WORK ITEM = What is needed is an exact retyping of each entry, pictures excluded.

*** SOURCE INFORMATION Section Begins ***

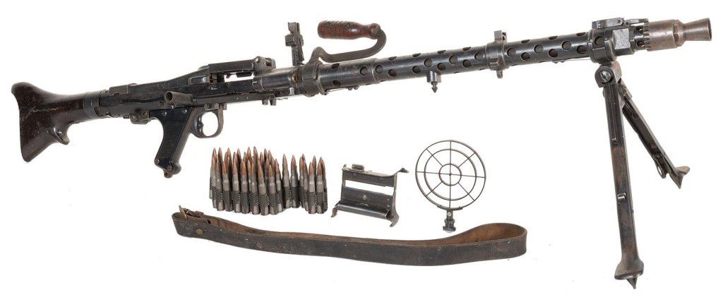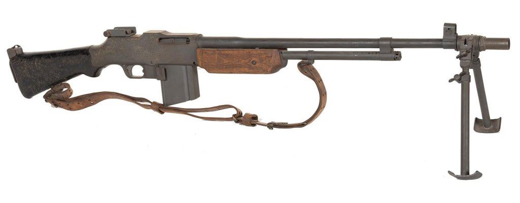 1) Browning BAR Replica. Non-firing replica fitted with a bipod. Good overall with general handling marks and some light scuffs. 2) MG-34 Replica Gun with Accessories. Non-functioning display piece features an attached bipod, carry handle, and folding front sight. Includes an ammo belt with dummy cartridges, sling, feed part, and anti-aircraft stand. Fair with areas of oxidation, handling marks, and assorted dings. Accessories are fair to fine.
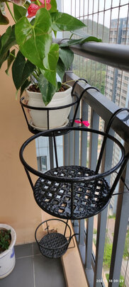 外形外观:OK;占地大小:占地大小:挂在腰部以上, 基本不占地方,不踢脚。;安装体验:非常简单,一挂即可,安全起见,可用绳子绑住。;产品质量:中等用料,厚重说不上,但放置十几二十斤的花盆问题也不大,喷有一层黑漆。
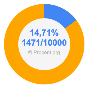Den följande bilden visar 14,71 procent och 14,71 som bråk i ett cirkeldiagram. Som du nu vet, är 14,71% detsamma som 1471/10000.
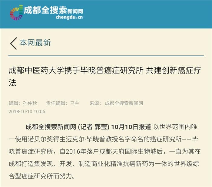 成都中医药大学携手毕晓普癌症研究所 共建创新癌症疗法
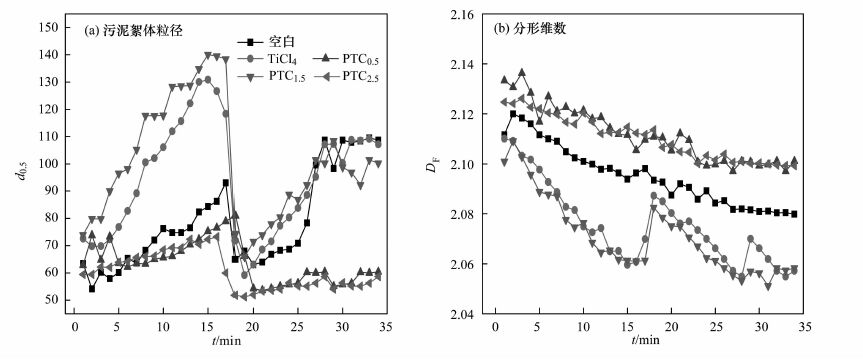 從圖 3(a)中可以看出,不同B值PTC化學調理后污泥絮體粒徑差異較大. 攪拌速度發生改變時,不同B值條件下的PTC混凝劑所產生的絮體呈現出不同程度的破碎和再生,隨著混凝過程的進行,絮體粒徑逐漸增大,慢攪階段結束后,絮體粒徑明顯增大,達到穩定階段,這表明絮體聚集和破碎之間趨于平衡[22]. 當攪拌速度達到400r ·min-1絮體粒徑迅速減小,1 min后恢復轉速為40r ·min-1絮體粒徑又逐漸增大. 其中PTC1.5和TiCl4調理后污泥絮體粒徑要比PTC0.5和PTC2.5大,因此具有很好的沉降性. 從圖 3(b)中可以看出經PTC0.5和PTC2.5調理后污泥絮體的DF值會增大,而PTC1.5和TiCl4調理后污泥絮體DF值反而降低. PTC0.5調理污泥后絮體分形維數最大,一般而言分形維數DF值在1~3之間,其值越大絮體結構越規則. DF 接近3的絮體比較密實,而結構越松散的絮體DF值也更接近1[23]. 這說明其絮體結構強度也更高,結合更緊密,更適合于高壓脫水,因此相應的污泥脫水性能也較好.

*** SOURCE INFORMATION Section Ends ***

PROBLEM SOLUTION =
 1) Browning BAR Replica. Non-firing replica fitted with a bipod. Good overall with general handling marks and some light scuffs. 2) MG-34 Replica Gun with Accessories. Non-functioning display piece features an attached bipod, carry handle, and folding front sight. Includes an ammo belt with dummy cartridges, sling, feed part, and anti-aircraft stand. Fair with areas of oxidation, handling marks, and assorted dings. Accessories are fair to fine.
 外形外观:OK;占地大小:占地大小:挂在腰部以上, 基本不占地方,不踢脚。;安装体验:非常简单,一挂即可,安全起见,可用绳子绑住。;产品质量:中等用料,厚重说不上,但放置十几二十斤的花盆问题也不大,喷有一层黑漆。
Den följande bilden visar 14,71 procent och 14,71 som bråk i ett cirkeldiagram. Som du nu vet, är 14,71% detsamma som 1471/10000.
 成都中医药大学携手毕晓普癌症研究所 共建创新癌症疗法
 從圖 3(a)中可以看出,不同B值PTC化學調理后污泥絮體粒徑差異較大. 攪拌速度發生改變時,不同B值條件下的PTC混凝劑所產生的絮體呈現出不同程度的破碎和再生,隨著混凝過程的進行,絮體粒徑逐漸增大,慢攪階段結束后,絮體粒徑明顯增大,達到穩定階段,這表明絮體聚集和破碎之間趨于平衡[22]. 當攪拌速度達到400r ·min-1絮體粒徑迅速減小,1 min后恢復轉速為40r ·min-1絮體粒徑又逐漸增大. 其中PTC1.5和TiCl4調理后污泥絮體粒徑要比PTC0.5和PTC2.5大,因此具有很好的沉降性. 從圖 3(b)中可以看出經PTC0.5和PTC2.5調理后污泥絮體的DF值會增大,而PTC1.5和TiCl4調理后污泥絮體DF值反而降低. PTC0.5調理污泥后絮體分形維數最大,一般而言分形維數DF值在1~3之間,其值越大絮體結構越規則. DF 接近3的絮體比較密實,而結構越松散的絮體DF值也更接近1[23]. 這說明其絮體結構強度也更高,結合更緊密,更適合于高壓脫水,因此相應的污泥脫水性能也較好.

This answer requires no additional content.